* [TASK STATEMENT] Output the full listing below exactly as it reads, and skip anything that is a picture.

* [INFORMATION SUPPLIED]
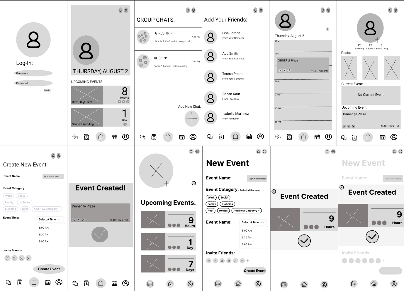 I then developed the ideation sketches into a low-fidelity prototype for the sign in, home, group chats, add friends, calendar, and profile pages. I then created the happy path for adding a new event to the calendar.
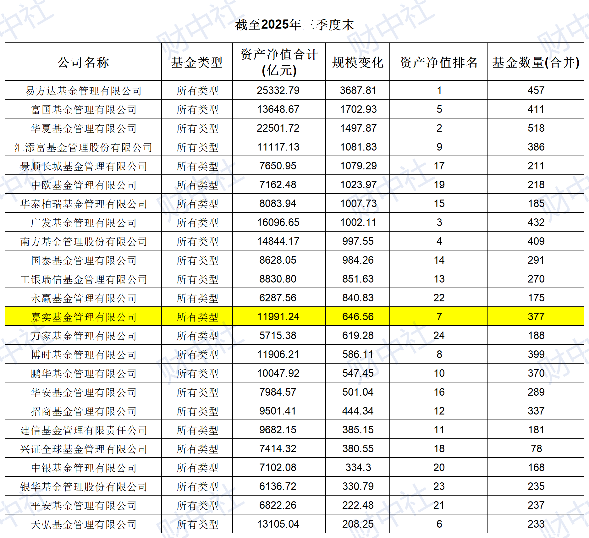 Core Viewpoint - As of the end of Q3 2025, the company has a net asset value of approximately 1.2 trillion yuan, ranking seventh in the industry, but its growth rate is lagging behind peers, indicating a structural misalignment between stable rankings and slow growth [1][2]. Company Performance - The company's public fund asset scale reached 1.2 trillion yuan, with a quarterly increase of 646.56 billion yuan, maintaining its seventh position in the industry [2][3]. - Among the 24 large public fund companies with assets over 500 billion yuan, the company ranked 13th in quarterly growth, reflecting a stable size but insufficient momentum [2][4]. - The company's active equity fund saw a quarterly increase of 119.66 billion yuan, ranking 15th in the industry, indicating a slower growth compared to peers [1][4]. ETF Market Position - The company reported an ETF scale of 338.86 billion yuan with a quarterly increase of 748.02 billion yuan, ranking fifth overall; however, it ranked third from the bottom among ETF companies with over 200 billion yuan in scale [5][6]. - The overall ETF market expanded significantly, but the company's growth in this area is considered weak due to a conservative approach in emerging sectors and cross-border products [5][6]. Team Dynamics and Governance - The company has experienced a significant turnover of core investment research members, with 14 key personnel leaving in 2025, which is unusual for established public funds [6][7]. - The transition in governance, with a new chairman taking over in September 2024, and the existing general manager having been in position since 2018, indicates a period of organizational restructuring [6][7]. Profitability and Future Outlook - The company achieved over 100 billion yuan in profits for investors in Q3, ranking among the top three fund management companies, primarily driven by the recovery of broad-based ETFs [7]. - The focus for Q4 includes accelerating the issuance of new ETFs and thematic funds, improving active equity fund inflows, and enhancing communication and stability within the investment team [7].
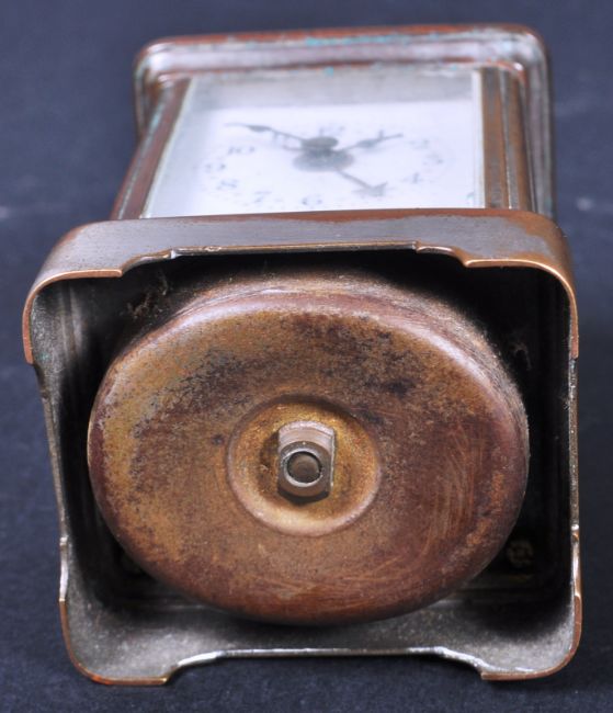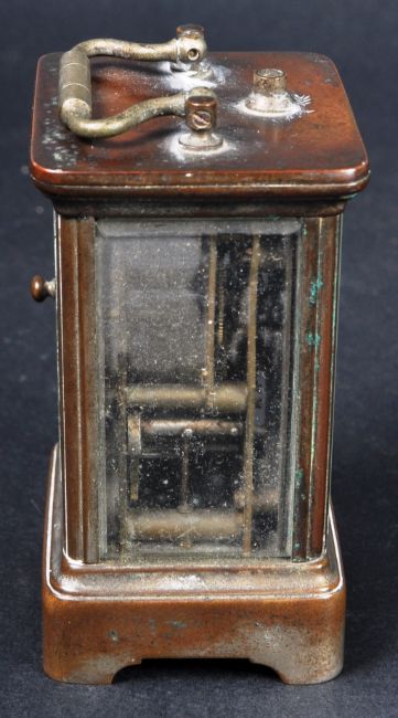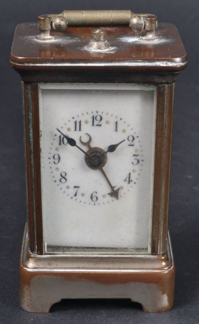 An early 20th Century miniature carriage clock (10cm). The brass cased clock having bevelled glass panels and swing handle atop. The central enamel face having a circular dial with faceted hands. One glass panel missing. Measures approx; 10cm x 5cm x 4.5cm.

* [RESULT OF THE EXERCISE]
 I then developed the ideation sketches into a low-fidelity prototype for the sign in, home, group chats, add friends, calendar, and profile pages. I then created the happy path for adding a new event to the calendar.
 Core Viewpoint - As of the end of Q3 2025, the company has a net asset value of approximately 1.2 trillion yuan, ranking seventh in the industry, but its growth rate is lagging behind peers, indicating a structural misalignment between stable rankings and slow growth [1][2]. Company Performance - The company's public fund asset scale reached 1.2 trillion yuan, with a quarterly increase of 646.56 billion yuan, maintaining its seventh position in the industry [2][3]. - Among the 24 large public fund companies with assets over 500 billion yuan, the company ranked 13th in quarterly growth, reflecting a stable size but insufficient momentum [2][4]. - The company's active equity fund saw a quarterly increase of 119.66 billion yuan, ranking 15th in the industry, indicating a slower growth compared to peers [1][4]. ETF Market Position - The company reported an ETF scale of 338.86 billion yuan with a quarterly increase of 748.02 billion yuan, ranking fifth overall; however, it ranked third from the bottom among ETF companies with over 200 billion yuan in scale [5][6]. - The overall ETF market expanded significantly, but the company's growth in this area is considered weak due to a conservative approach in emerging sectors and cross-border products [5][6]. Team Dynamics and Governance - The company has experienced a significant turnover of core investment research members, with 14 key personnel leaving in 2025, which is unusual for established public funds [6][7]. - The transition in governance, with a new chairman taking over in September 2024, and the existing general manager having been in position since 2018, indicates a period of organizational restructuring [6][7]. Profitability and Future Outlook - The company achieved over 100 billion yuan in profits for investors in Q3, ranking among the top three fund management companies, primarily driven by the recovery of broad-based ETFs [7]. - The focus for Q4 includes accelerating the issuance of new ETFs and thematic funds, improving active equity fund inflows, and enhancing communication and stability within the investment team [7].
 An early 20th Century miniature carriage clock (10cm). The brass cased clock having bevelled glass panels and swing handle atop. The central enamel face having a circular dial with faceted hands. One glass panel missing. Measures approx; 10cm x 5cm x 4.5cm.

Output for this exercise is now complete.